Art Inspired by the Canadian Rockies, Purcell Mountains and Selkirk Mountains, 1809-2012
Review By Maria Tippett
May 18, 2017
BC Studies no. 194 Summer 2017 | p. 216-217
As Nancy Townshend writes in the preface of Art Inspired by the Canadian Rockies, Purcell Mountains and Selkirk Mountains, 1809-2012: “At one time, the Canadian Rockies, Purcell Mountains, and Selkirk Mountains existed as a tabula rasa (v).” By the end of her admirable study Townshend leaves no doubt that this area, covering some 251,997 square kilometers, has been subjected to every style — from romantic realist to post modernist — and to every medium, from oil and watercolour paint and aluminum to wood.
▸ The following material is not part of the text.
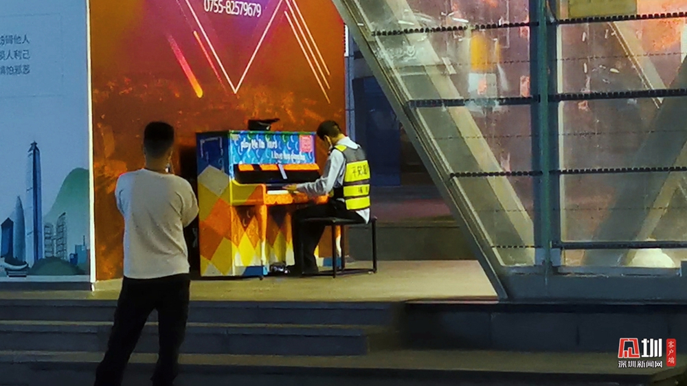 见圳客户端·深圳新闻网2021年4月8日讯(记者 张艺龄)时间是晚上十点钟,谢子贺正坐在华强北街头一架蓝黄色钢琴前忘我地弹着柴可夫斯基的舞曲——《四小天鹅》,此时,号称“中国电子第一街”的华强北商业区,已经没有太多行人。

Townshend divides her study into three parts. What she calls “The Traditional Era (1809-1899)” includes the tentative early-nineteenth century watercolor drawings of the explorer David Thompson, the more accomplished paintings of Lucius O’Brien and Frederic Bell-Smith, along with the photographs of William McFarlane Notman, Richard Henry Trueman, and Byron Harmon. The next section, “Introduction to the Modern Era (1900-1971),” focuses on the early twentieth century British painter John Singer Sargent, the interwar artists Lawren Harris and J.E.H. MacDonald, and the post-war painters Peter Whyte and Catharine Robb White. And the final section of this book, “Introduction to the Contemporary Era (1972-2012),” considers lesser well-known artists including painter Kent Monkman and photographers Jin-me Yoon and Jan Kabatoff.
Choosing representative artists of each era might have led to the omission of some well deserving people. However, Townshend avoids this by adding more artists to her three blocks of illustrations. Thus painters John Fraser and John Curren are included in part one; painter Jack B. Taylor and photographers Bruno Engler and Nicholas Morant in part two; and work by sculptor Tony Bloom, potter Les Manning, and photographer Craig Richards, among many others, are tipped into the third block of illustrations.
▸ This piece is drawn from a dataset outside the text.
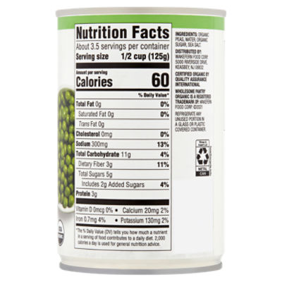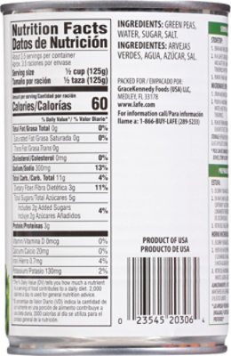 Canned peas nutrition label

Is Townshend’s catch-up manoeuver successful? One can argue that it was better to include the “also ran” than to leave them out. And, to her credit, Townshend does mention their names in the introduction to each section thereby contextualizing their work within her narrative covering two centuries of art. However, I would have liked to have learned more about them.
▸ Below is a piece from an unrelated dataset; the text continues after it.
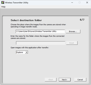 To choose a sub-folder for pictures downloaded from the camera, close the window, connect the camera and computer via USB, and then relaunch the Wireless Transmitter Utility. When prompted to choose hardware, select Camera’s built-in Wi-Fi, click Next, and select Select destination folder and application in the action dialog. Clicking Next will then take you to a dialog where you can select a sub-folder under the destination folder.

I got the most out of Art Inspired by the Canadian Rockies, Purcell Mountains and Selkirk Mountains by simply looking at the beautifully produced illustrations. Doing so convinced me that soaring mountain peaks, banks of conifers that can be pulled in and out of a painting like pieces of stage scenery, and lakes that give an upside-down view of the landscape are as valid a motif for contemporary painters as they were in the nineteenth century. I noted that the push-pull between the fore and the backgrounds is at work in Byron Harmon’s 1924 photograph Ascending Jonas Pass, just as it is in Tony Bloom’s aluminum sculpture Landbuoy (2011), Peter von Tiesenhausen’s installation Sanctuary (2012), and Shawna Dempsey and Lorri Millan’s Lesbian National Parks & Services (1997). Even Ed Bamiling’s In the Beginning – #11 (2009), which avoids any realistic rendering of the mountain landscape, nevertheless evokes an image of the igneous rocks that formed on the Canadian Shield during the Precambrian era and resonate with the ancient geological formations of the Rockies.
If any book’s illustrations can inspire a reviewer to make these kinds of observations then the author has done a good job. Let us hope that Nancy Townshend is planning a sequel to this volume that will allow her to give all the artists she illustrates in this volume their just desserts.
Art Inspired by the Canadian Rockies, Purcell Mountains and Selkirk Mountains, 1809-2012
Nancy Townshend
Calgary: Bayeux Arts Inc, 2012. 160 pp. $24.95 paper.